Abstract
Muscle carnitine palmitoyltransferase II (CPT II) deficiency is associated with various mutations in CPT2 gene. In the present study, the impact of the two CPT II variants P50H and Y479F were characterized in terms of stability and activity in vitro in comparison to wildtype (WT) and the well investigated variant S113L. While the initial enzyme activity of all variants showed wild-type-like behavior, the activity half-lives of the variants at different temperatures were severely reduced. This finding was validated by the investigation of thermostability of the enzymes using nano differential scanning fluorimetry (nanoDSF). Further, it was studied whether the protein stabilizing diphosphatidylglycerol cardiolipin (CL) has an effect on the variants. CL indeed had a positive effect on the stability. This effect was strongest for WT and least pronounced for variant P50H. Additionally, CL improved the catalytic efficiency for CPT II WT and the investigated variants by twofold when carnitine was the varied substrate due to a decrease in KM. However, there was no influence detected for the variation of substrate palmitoyl-CoA. The functional consequences of the stabilization by CL in vivo remain open.
Highlights
The β-oxidation of long-chain fatty acids (LCFAs) is the major source of energy for skeletal muscle
The so-called carnitine shuttle consists of carnitine palmitoyltransferase I (CPT I), carnitine:acylcarnitine translocase (CACT) and carnitine palmitoyltransferase II (CPT II)
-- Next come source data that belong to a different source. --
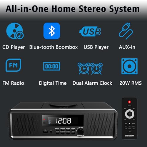 WISCENT Home Stereo System CD Player Boombox,Clear 20W RMS Sound System with FM Radio,Bluetooth,USB,MP3,AUX,Digital Dual Alarm ...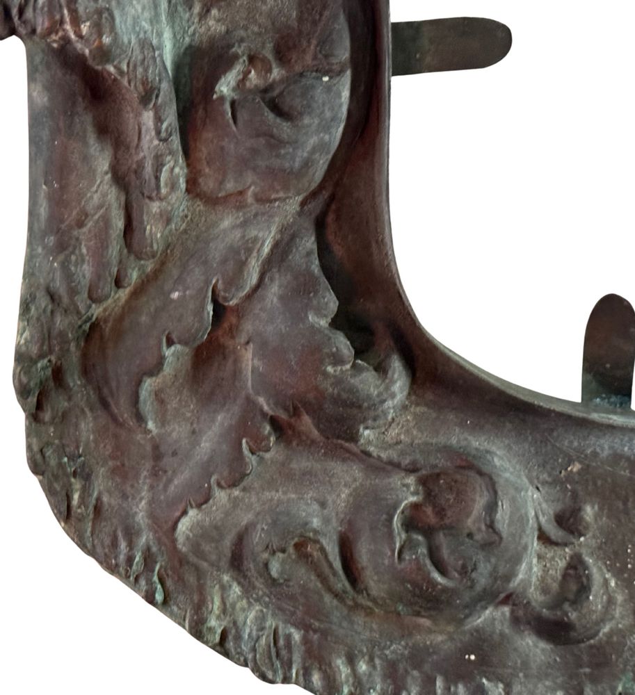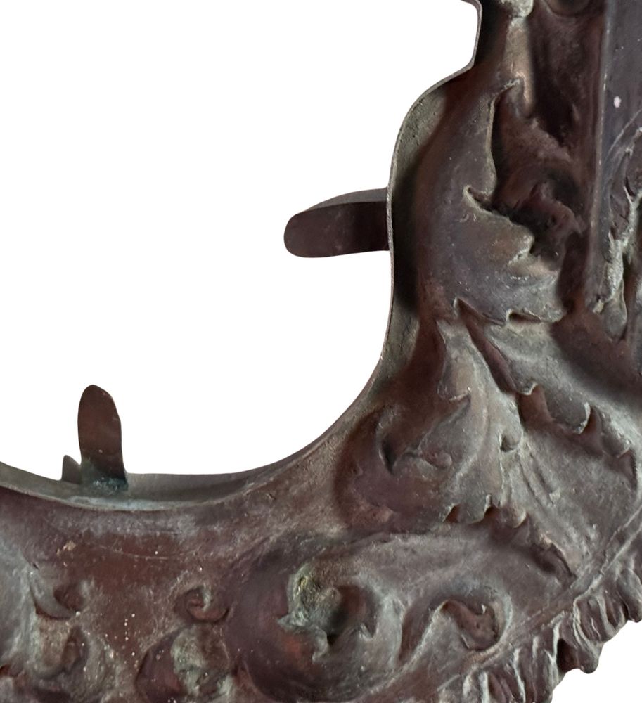 Scudo in bronzo a cera persa, periodo XIX/XX secolo. Dimensioni: 30x50 cm. Buone condizioni. Patina originale.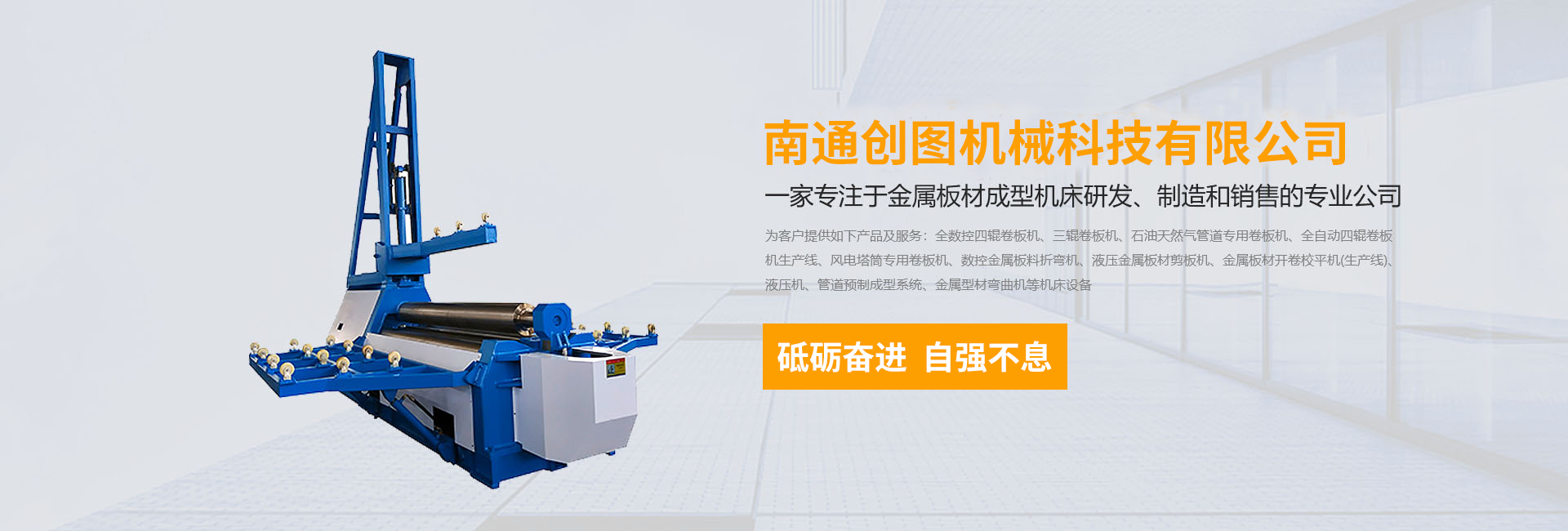 南通創(chuàng)圖機(jī)械科技有限公司坐落在長(zhǎng)江三角洲北翼--江蘇省南通市海安市,是一家專(zhuān)注于金屬板材成型機(jī)床研發(fā)、制造和銷(xiāo)售的專(zhuān)業(yè)公司,公司有著專(zhuān)業(yè)的設(shè)計(jì)、制造和銷(xiāo)售團(tuán)隊(duì)。南通創(chuàng)圖機(jī)械自成立至今,砥礪奮進(jìn),自強(qiáng)不息,努力為客戶提供如下產(chǎn)品及服務(wù):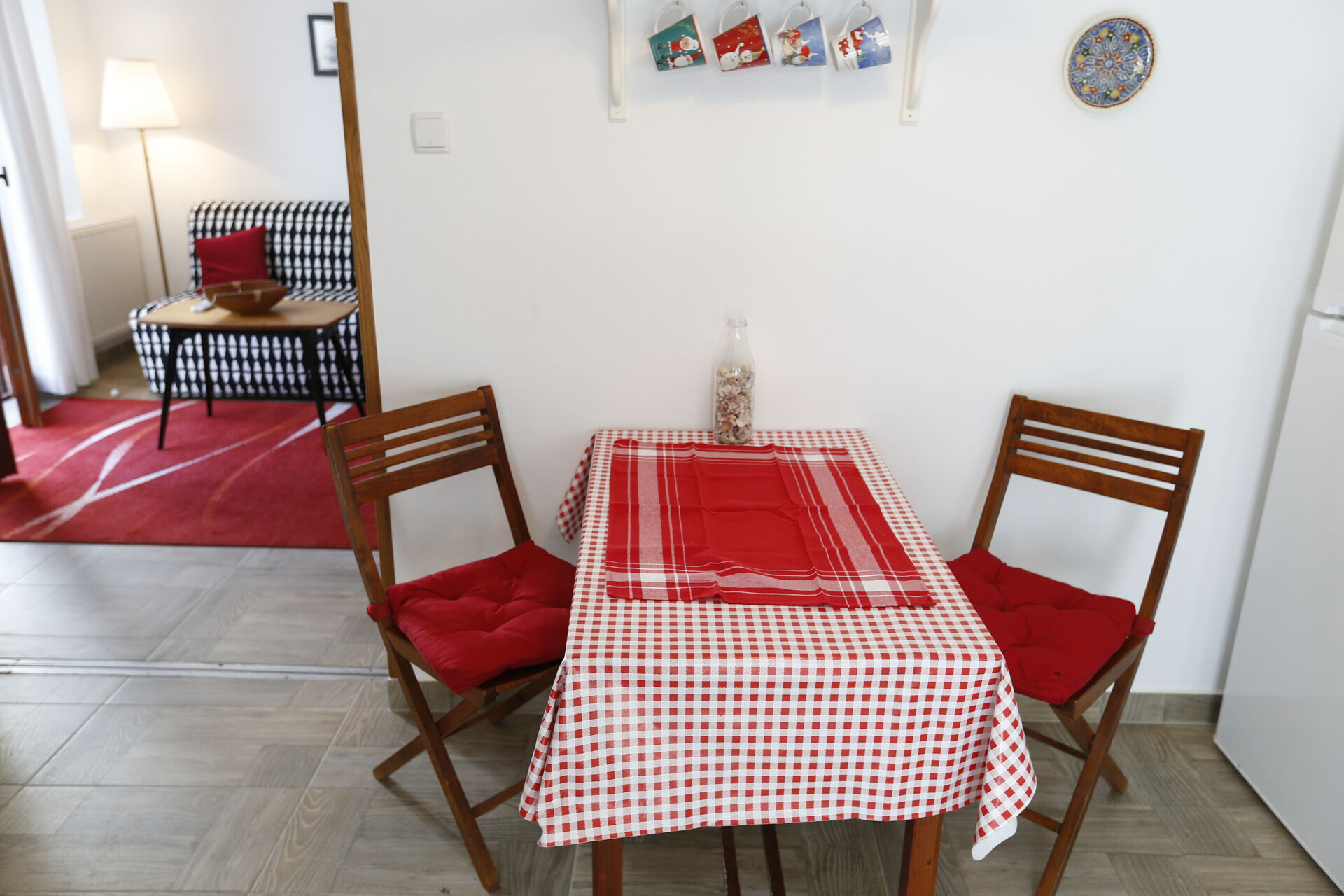 • table and chairs, kitchen sink, oven, refrigerator, upright freezer, electric kettle, filter coffee machine, microwave oven, toaster, stove cooktop.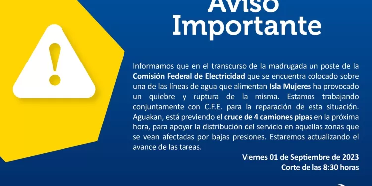 ISLA MUJERES Atiende Aguakan rotura de tubería en Isla Mujeres ocasionada por poste de la CFE 1 septiembre, 2023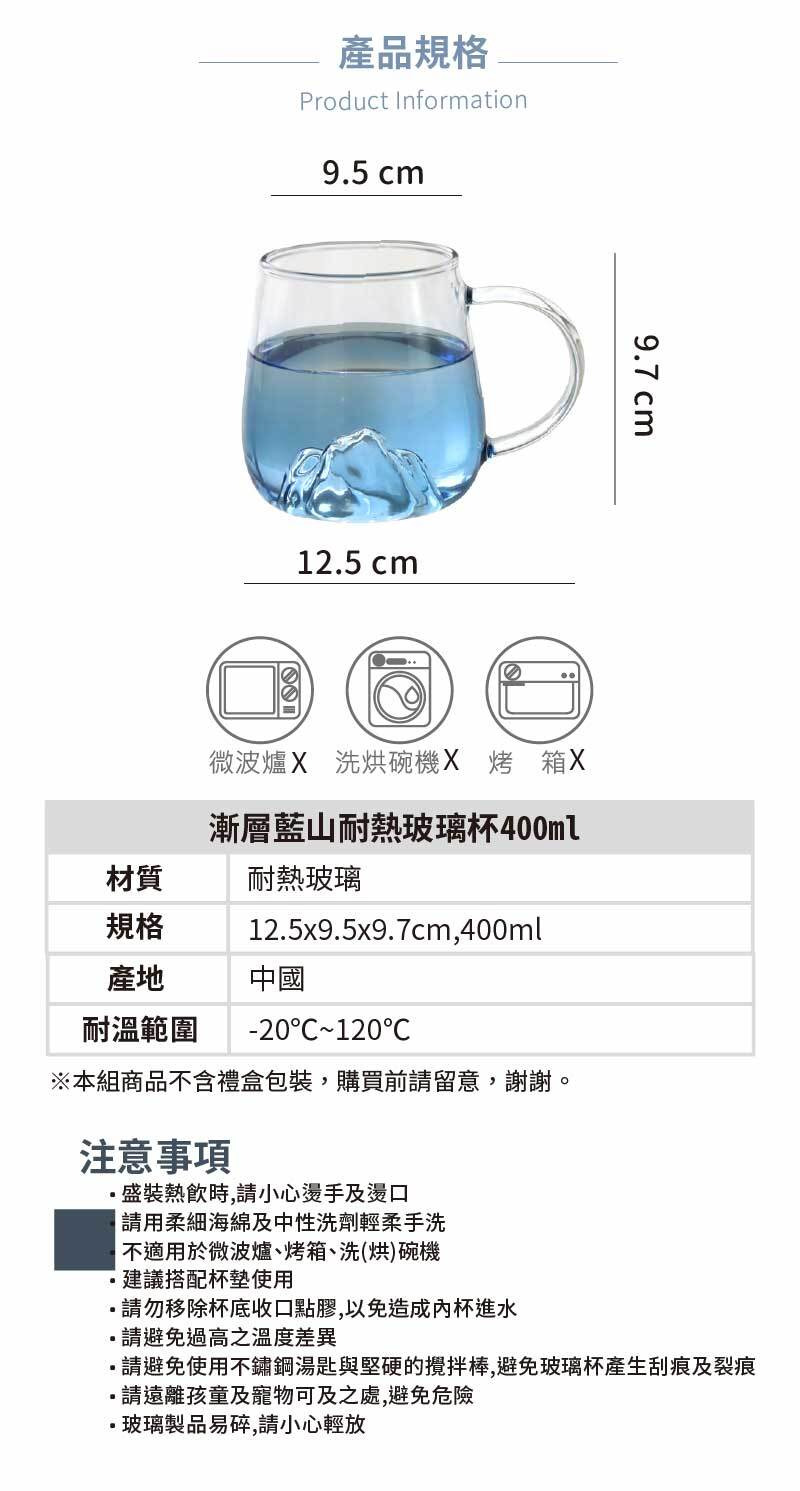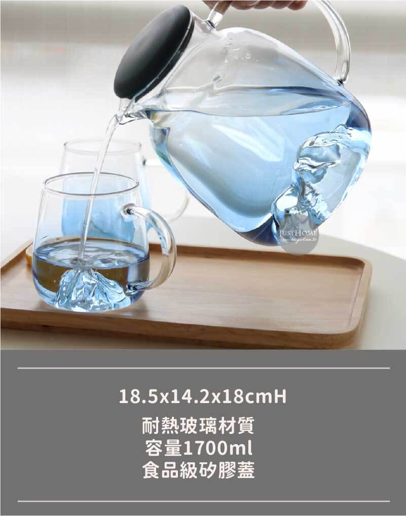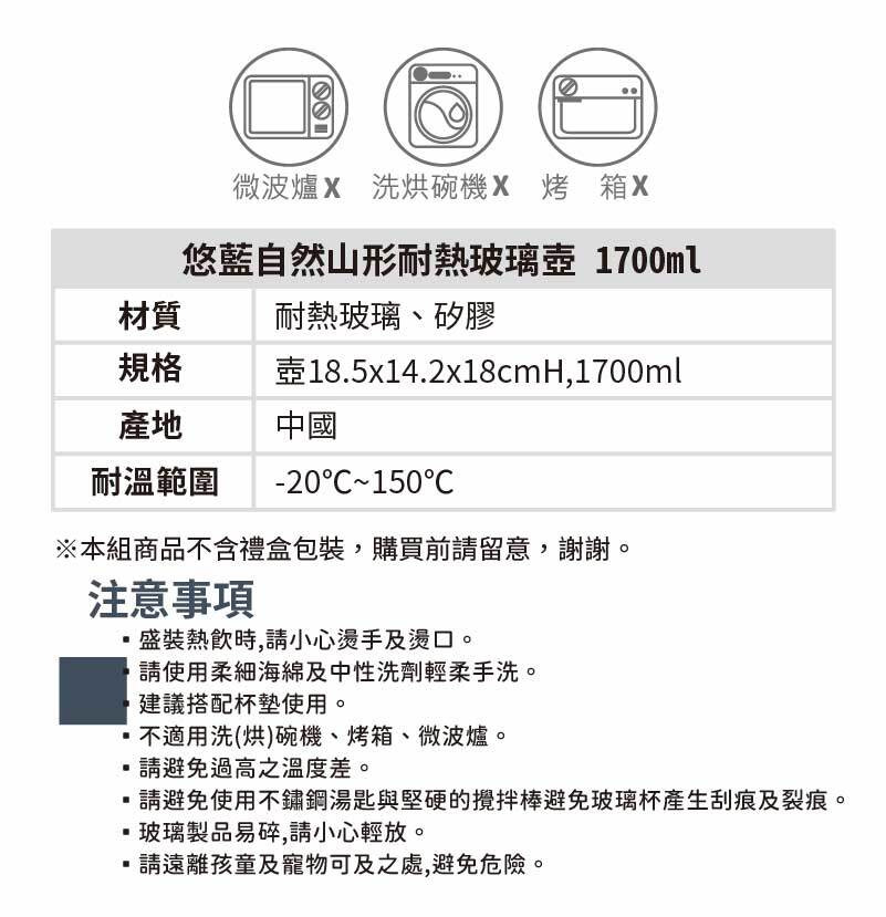 材質:耐熱玻璃、矽膠 耐溫範圍:-20℃~150℃ 規格:茶壺18.5x14.2x18cmH,1700ml;玻璃杯約6.5x13.5cmH,400ml 產地:中國 ※本組商品不含禮盒包裝,請留意。 【注意事項】 ☆盛裝熱飲時,請小心燙手及燙口。 ☆請使用柔細海綿及中性洗劑輕柔手洗。 ☆建議搭配杯墊使用。 ☆不適用洗(烘)碗機、烤箱、微波爐。 ☆請避免過高之溫度差。 ☆請避免使用不鏽鋼湯匙與堅硬的攪拌棒避免玻璃杯(壺)產生刮痕及裂痕。 ☆玻璃製品易碎,請小心輕放。 ☆請遠離孩童及寵物可及之處,避免危險。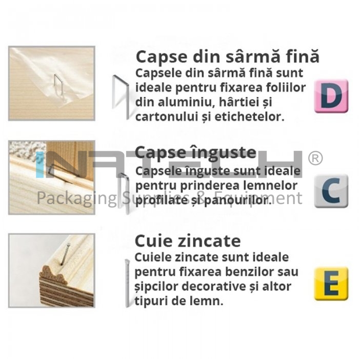 Capse Zincate inguste pentru prinderea panourilor si a lemnelor profilate. Capsele Zincate Tip C sunt compatibile cu produsul Capsator Electric J-165 Panel.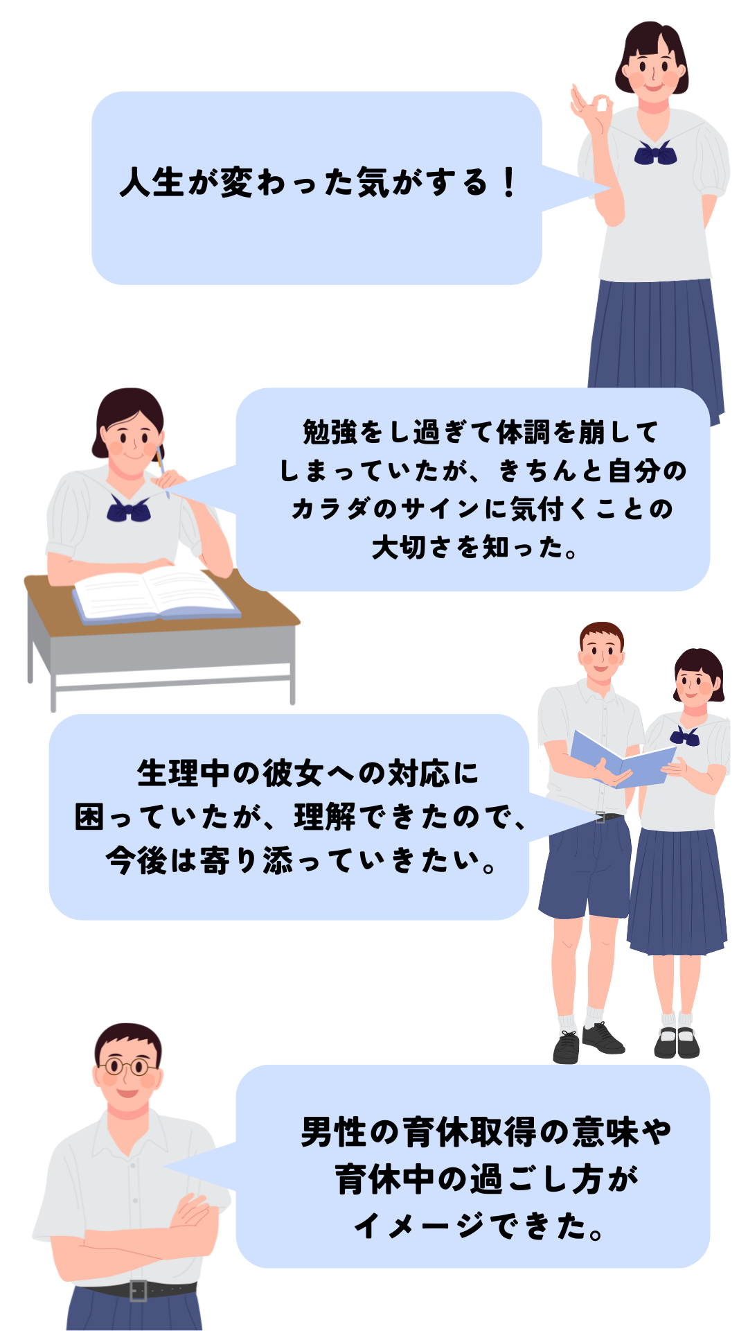 京都橘高校では、卒業生の他にも育休を取得したパパたちからのメッセージを聞き、男子生徒の皆様からは、『パパになるイメージができた』『男性育休について知ることができてよかった』などの声を頂きました。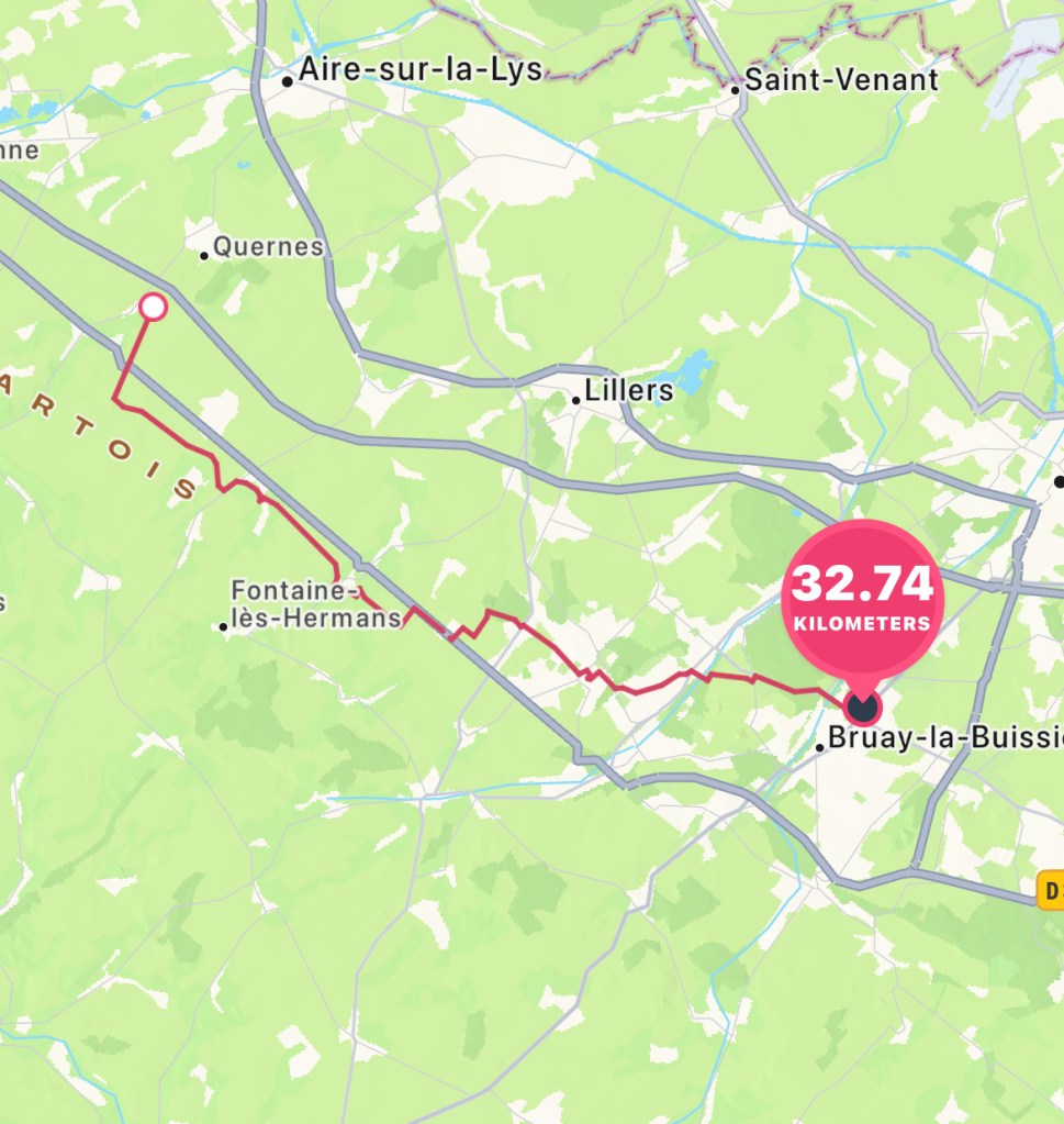 I walked from Liettres to Amette: the end of one stage and then, bypassing Bubure headed for the end of the second stage, Bruay. A total distance of 32 km (20 miles). The last 7 km were hard work! Once again, for a good proportion of the route I walked alongside the Chaussee Brunehut.

The enzyme assay was based on an adaptation of Rufer et al [30] for the transfer reaction of the palmitic acid from palmitoyl-CoA to L-carnitine
Summary
The β-oxidation of long-chain fatty acids (LCFAs) is the major source of energy for skeletal muscle. The entry of LCFAs into the mitochondria requires a carnitine-dependent transport system [1] (Figure 1). The so-called carnitine shuttle consists of carnitine palmitoyltransferase I (CPT I), carnitine:acylcarnitine translocase (CACT) and carnitine palmitoyltransferase II (CPT II). CPT I is an integral outer mitochondrial membrane protein and converts acyl-CoAs to acylcarnitines, which are released into the intermembrane space. Acylcarnitines are translocated into the mitochondrial matrix by CACT in exchange with unesterified carnitine. CPT II, located on the inner mitochondrial membrane, catalyzes the reconversion of acylcarnitines to acyl-CoAs, thereby providing substrates for β-oxidation [1,2]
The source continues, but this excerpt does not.